Eren Keskin'e “Barış, Dostluk ve Demokrasi Ödülü”
Diyarbakır Tabip Odası’nın 1995 yılından itibaren her yıl düzenli olarak verdiği “Barış, Dostluk ve Demokrasi Ödülü” İnsan Hakları Derneği (İHD) Eş Genel Başkanı Eren Keskin’e verildi.
Tüm zamanlarda hak arayışı içinde oldu
Gençlik yıllarından itibaren insan hakları, eşitlik, özgürlük kavramlarına duyarlı olan Eren Keskin, 1995 yılında, bir yazısında "Kürdistan" kelimesini kullandığı için 2.5 yıl ceza aldı ve tutuklandı. Bayrampaşa Cezaevi'nde kaldığı süredeki tanıklıkları, yaşamının kırılma noktasını oluşturdu.
Cezaevindeki birçok kadının gözaltında cinsel saldırıya uğradığını öğrenince, bu suçun cezasız kalmasını kabullenemedi.
Cezaevinden çıktıktan sonra Heidi Wedel ile Gözaltında Taciz ve Tecavüze Karşı Hukuki Yardım Bürosu'nu kurdu.
Tüm toplumsal ve siyasal baskılara rağmen yüzlerce kadın bu büroya başvurdu. Bundan cesaret alan birçok kadın, uğradığı cinsel saldırıları açıkladı ve tacizcilerden hesap sordu. Cinsel suçlarla mücadele ve toplumsal cinsiyet eşitliği konusunda toplumda önemli bir farkındalık oluşturdu.
Yine 90'lı yıllarda, birçok kişinin gitmeye cesaret edemediği, yakılan, yıkılan yerlere giderek canı pahasına sorumlulardan hesap sordu. Gözaltında kayıp ve faili meçhul cinayetlerin aydınlatılması, sorumluların yargı önüne çıkarılarak cezalandırılması için önemli bir mücadelenin içerisinde yer aldı.
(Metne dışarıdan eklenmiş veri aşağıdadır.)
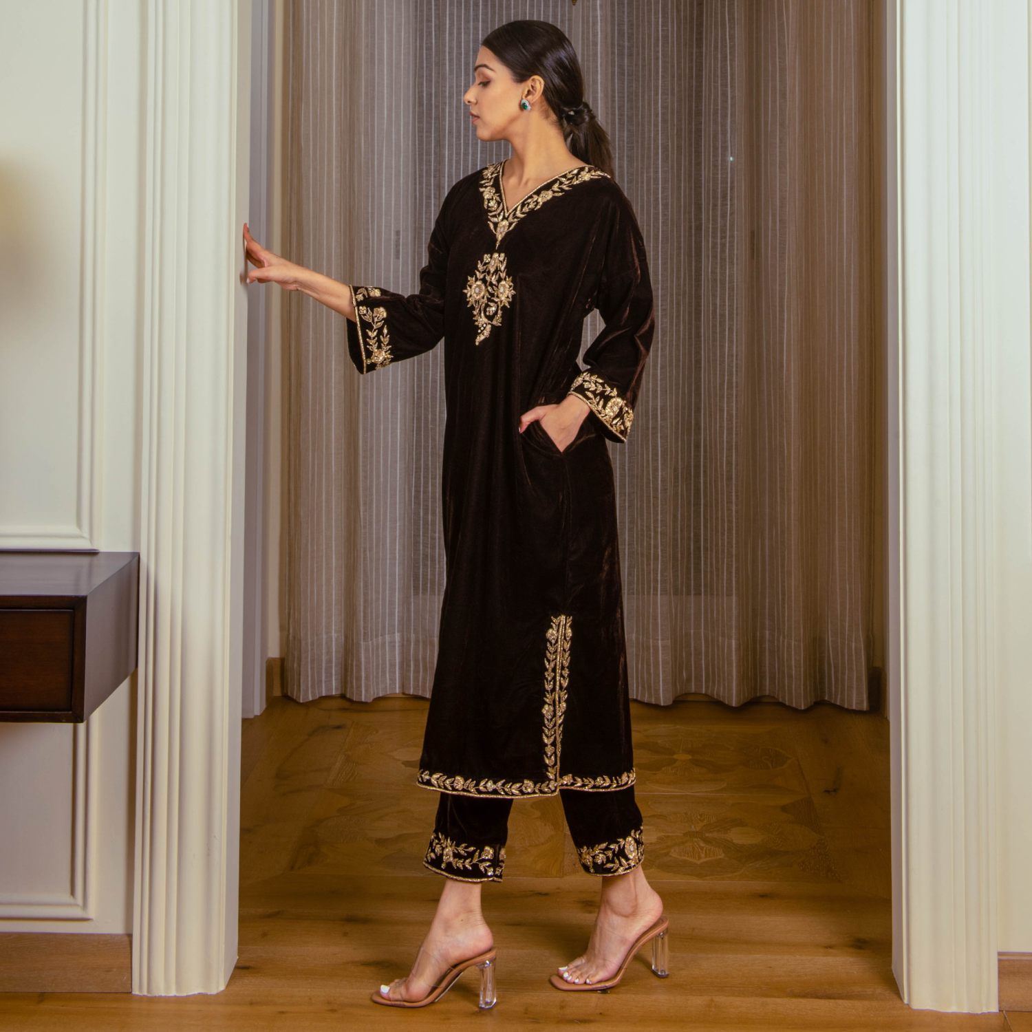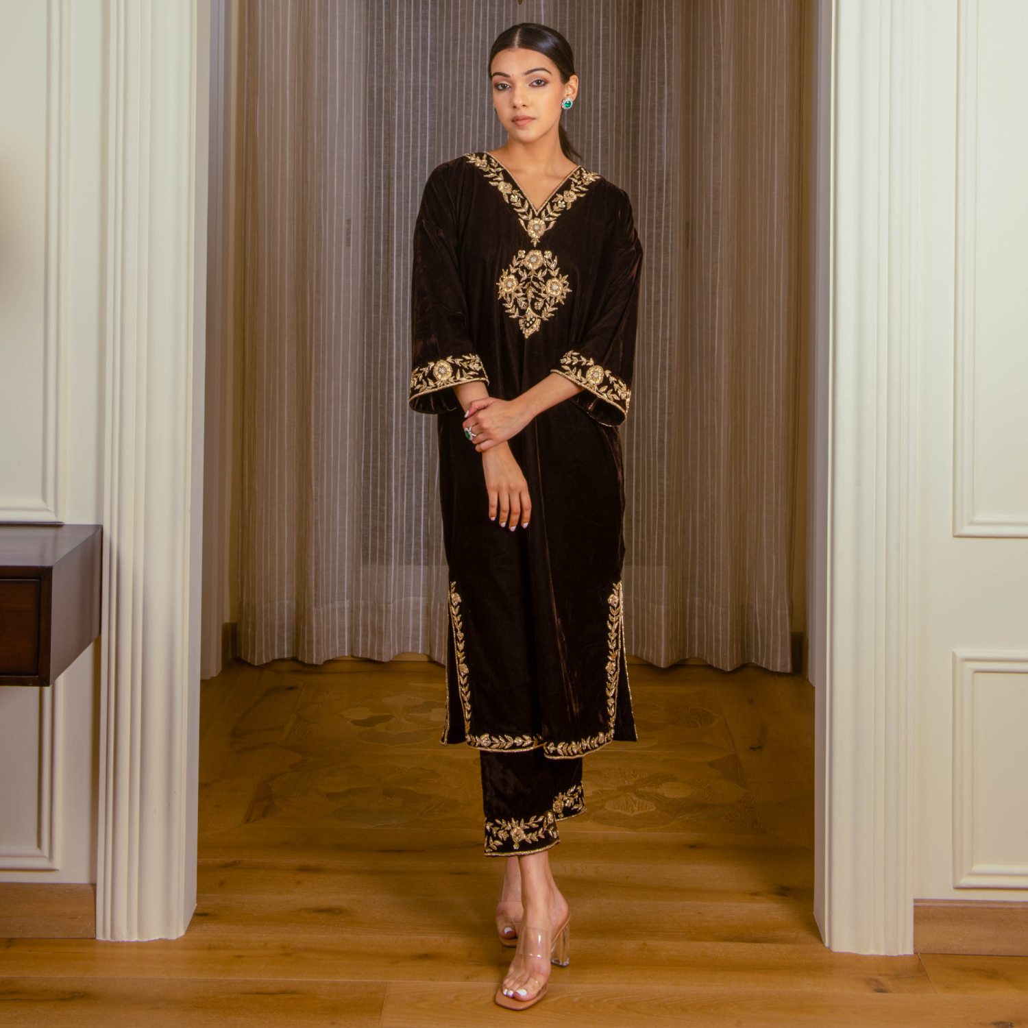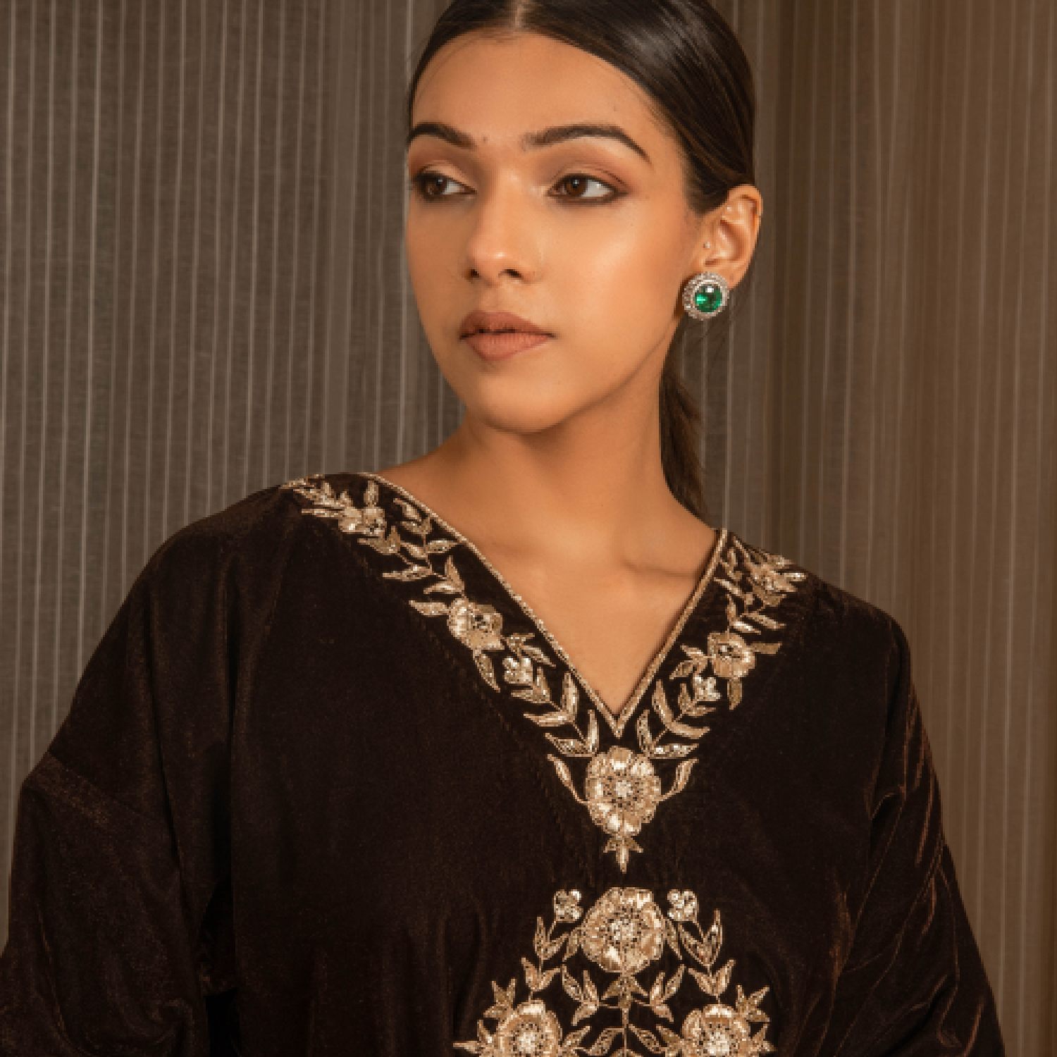 ₹ 34,000 (5% off)This kaftan-style tunic, in rich coffee brown, features detailed embroidery at the neck, sleeves, and hem. The back is accentuated with an embroidered motif, showcasing exquisite cut dana and dori work using the zardozi technique. Paired with straight-fit mid-waist pants, complete with an elasticated waist, inseam pockets, and hand-embroidered hems, this set combines style and comfort for a festive celebration.
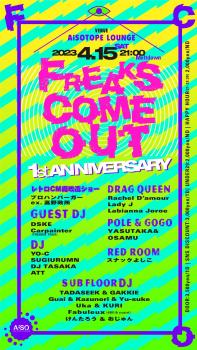 セクシュアリティや国籍、年代もバックグラウンドも一切問われないダンスフロアを出現させて来たこのパーティ。YO-C、SUGIURUMN、DJ TASAKA、ATTが旗手となり新宿二丁目を舞台に華々しくスタートした「FREAKS COME OUT」が早くも1周年を迎える。
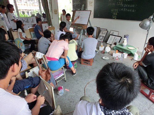 美术组的队员每天下午对美术专业的同学们进行讲授素描、色彩等基础课程。多样的讲课形式、生动形象的现场演示,都让学生们受益良多。经过几天的相处,我们“老师”与学生们之间建立了深厚的感情,也营造了浓厚的学习氛围。

Eren Keskin, insan hakları mücadelesine adanan bir yaşamdır aslında. Yeri geldi Cumartesi Annelerinin yanında yer aldı, yeri geldi Midyat'ın Zazê köyünde tek başına yaşayan Süryani Dayrayto'nun duyulmayan sesi oldu, yeri geldi hak ihlallerinde dahi 'önceliği' olmayan LGBTİ bireylerin çığlığı oldu. Nerede yer aldıysa kararlı ve cesaretli durdu. Sözünü sakınmadı.
Bu kararlı mücadelesi ve dik duruşu nedeniyle, şu ana kadar hakkında 124 dava açıldı, 26 yıl 9 ay 20 gün hapis ve 431.912 TL para cezası verildi. Ayrıca pek çok kez sözlü saldırı ve hakaretlere maruz kaldı, ölüm tehditleri aldı.
Bu ceza ve saldırılar nedeniyle birçok ülke Eren Keskin'i ülkelerine kabul etmeye hazır olduklarını ifade etmelerine rağmen, Keskin yine net bir duruş sergileyerek, "Ben hiç bir yere gitmiyorum. Mücadelemi cezaevinde sürdüreceğim. Devlet yasalarını değiştirmek zorunda kalacak" dedi.